====== MATERIAL TO PROCESS

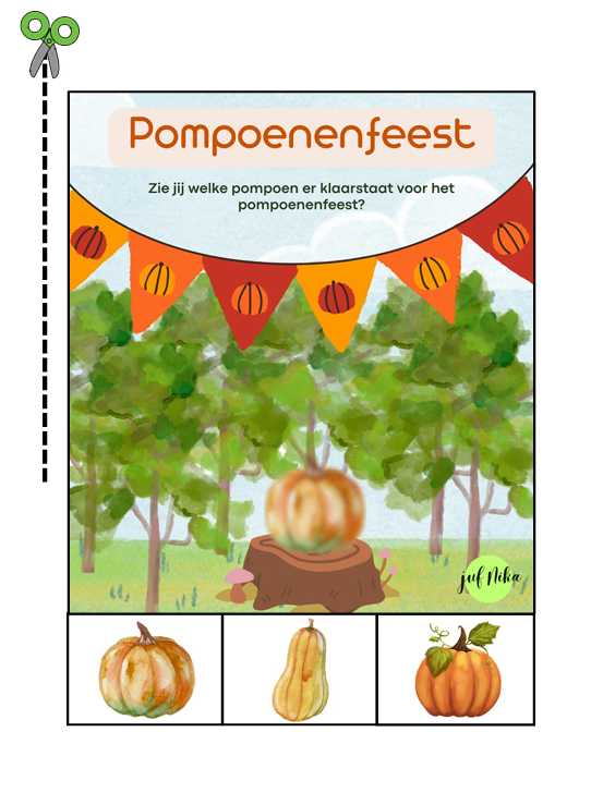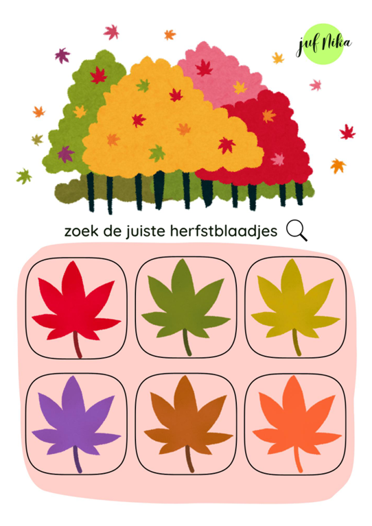 Kleuters leren vormen en kleuren herkennen, verschillen opmerken en goed kijken aan de hand van vrolijke herfstfiguren.
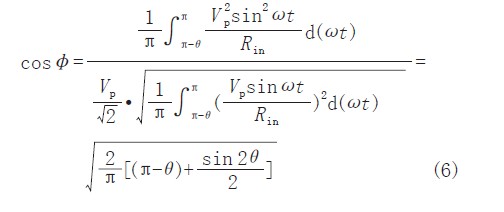 从式(5)可得电路的功率因数如式(6)所示,功率因数随可控硅的导通角的关系如图3b)所示。
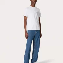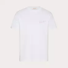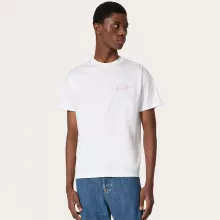 Featuring a ribbed crew neck and a clean monochrome design, this t-shirt is all about minimalistic elegance. The iconic Valentino logo graces the front in a contrasting color, making a statement while keeping it sleek. Turn it around, and you’ll find the signature Valentino monogram subtly displayed on the back, a mark of true designer craftsmanship.
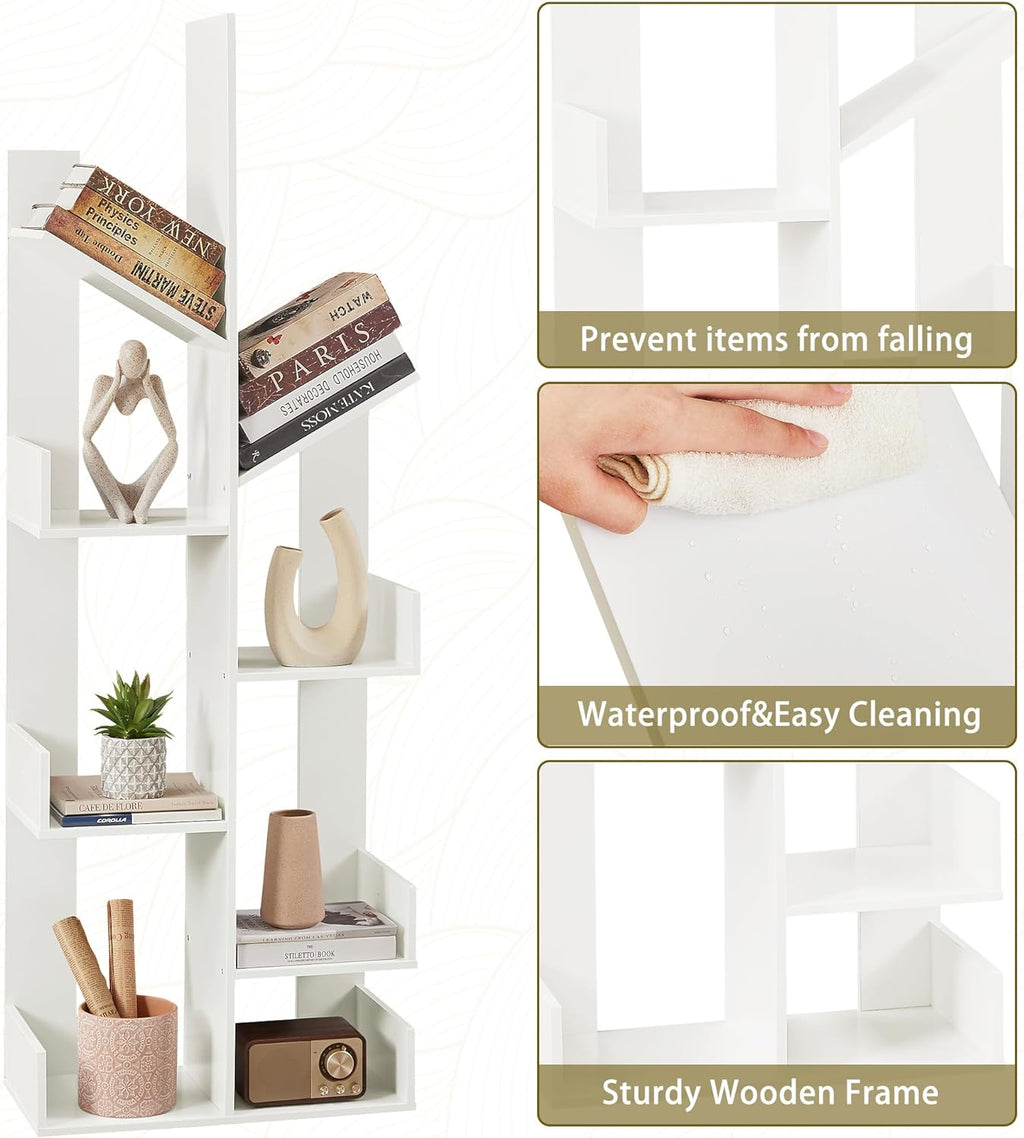 • 【Easy to Maitain&Clean】This tree bookcase organizer is perfect for decorating, organizing and storing your items while keeping them neat and organized in your room. The MDF Board shelves are waterproof, and can be easily cleaned with a wet cloth.
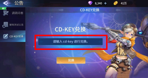3、点击弹窗左侧的CD-KEY兑换,将兑换码输入。

============

— PROBLEM DETAILS —
The whole listing above, word for word: repeat it with the pictures excluded.

— THE COMPLETED TASK —
 Kleuters leren vormen en kleuren herkennen, verschillen opmerken en goed kijken aan de hand van vrolijke herfstfiguren.
 从式(5)可得电路的功率因数如式(6)所示,功率因数随可控硅的导通角的关系如图3b)所示。
 Featuring a ribbed crew neck and a clean monochrome design, this t-shirt is all about minimalistic elegance. The iconic Valentino logo graces the front in a contrasting color, making a statement while keeping it sleek. Turn it around, and you’ll find the signature Valentino monogram subtly displayed on the back, a mark of true designer craftsmanship.
 • 【Easy to Maitain&Clean】This tree bookcase organizer is perfect for decorating, organizing and storing your items while keeping them neat and organized in your room. The MDF Board shelves are waterproof, and can be easily cleaned with a wet cloth.
3、点击弹窗左侧的CD-KEY兑换,将兑换码输入。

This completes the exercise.